If private investment is an indicator of what is in vogue (and profitable), renewable energy is certainly trending. At the UN Climate Change Conference the independent US government agency, the Overseas Private Investment Corporation (OPIC), announced that it committed $1.1 billion in financing for the renewable sector during fiscal year 2011, up from just $10 million in 2008.

OPIC works to mobilize private sector investments in emerging markets; supporting projects that both benefit the social and economic development of the host country, as well as create growth and jobs for the US. This year, clean energy projects drastically increased, with investment in everything from solar power to biomass production.

Some of the notable projects include financing for 51 solar plants in Thailand in collaboration with local banks; building the first wind power facility on St.

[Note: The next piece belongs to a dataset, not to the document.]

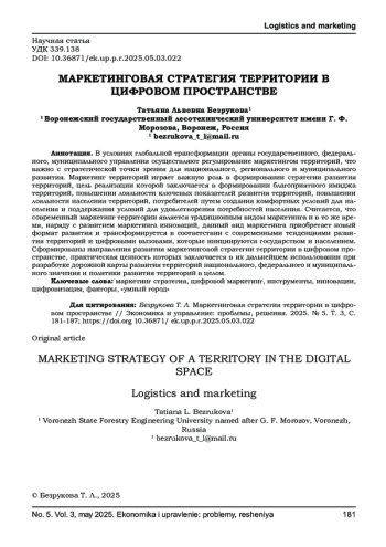 В условиях глобальной трансформации органы государственного, федерального, муниципального управления осуществляют регулирование маркетингом территорий, что важно с стратегической точки зрения для национального, регионального и муниципального развития. Маркетинг территорий играет важную роль в формировании стратегии развития территорий, цель реализации которой заключается в формировании благоприятного имиджа территорий, повышении лояльности ключевых показателей развития территорий, повышении лояльности населения территорий, потребителей путем создания комфортных условий для населения и поддержании условий для удовлетворения потребностей населения. Считается, что современный маркетинг территории является традиционным видом маркетинга и в то же время, наряду с развитием маркетинга инноваций, данный вид маркетинга приобретает новый формат развития и трансформируется в соответствии с современными тенденциями развития территорий и цифровыми вызовами, которые инициируются государством и населением. Сформированы направления развития маркетинговой стратегии территории в цифровом пространстве, практическая ценность которых заключается в их дальнейшем использовании при разработке дорожной карты развития территорий национального, федерального и муниципального значения и политики развития территорий в целом.

Kitts which produces up to 30% of their energy demand; the first political risk insurance contract for the Reduced Emissions and Deforestation and Degradation (REDD) project in Cambodia to protect forest that sequesters 8.7 million metric tons of CO2; $500 million in financing for investment funds in the renewable resources sectors of South and Southeast Asia and Africa; and expanding a geothermal plant in Kenya to double operating capacity there.

This year’s projects generated ten times more megawatts from OPIC-supported renewable energy sources than in 2010, and saved triple the amount of CO2 emissions.

“The fact that OPIC’s renewable resources commitments have grown from $10 million in FY2008 to $1.1 billion in FY2011 demonstrates the vast scale of opportunity in the sector, which only stands to grow as more developing countries invite investment and more investors respond positively.” OPIC president, Elizabeth Littlefield says. “This is what we call ‘renewing the future.’”

Photo Caption: Delegates and negotiators discuss the latest draft report on December 10, 2011 on the final day of negotiations of the UN Framework Convention on Climate Change (UNFCCC) at the International Convention Center in Durban. Deep into an unscheduled 13th day, UN climate talks on December 10 struggled to agree on a proposed pact to roll back carbon emissions in a key decade for fighting global warming.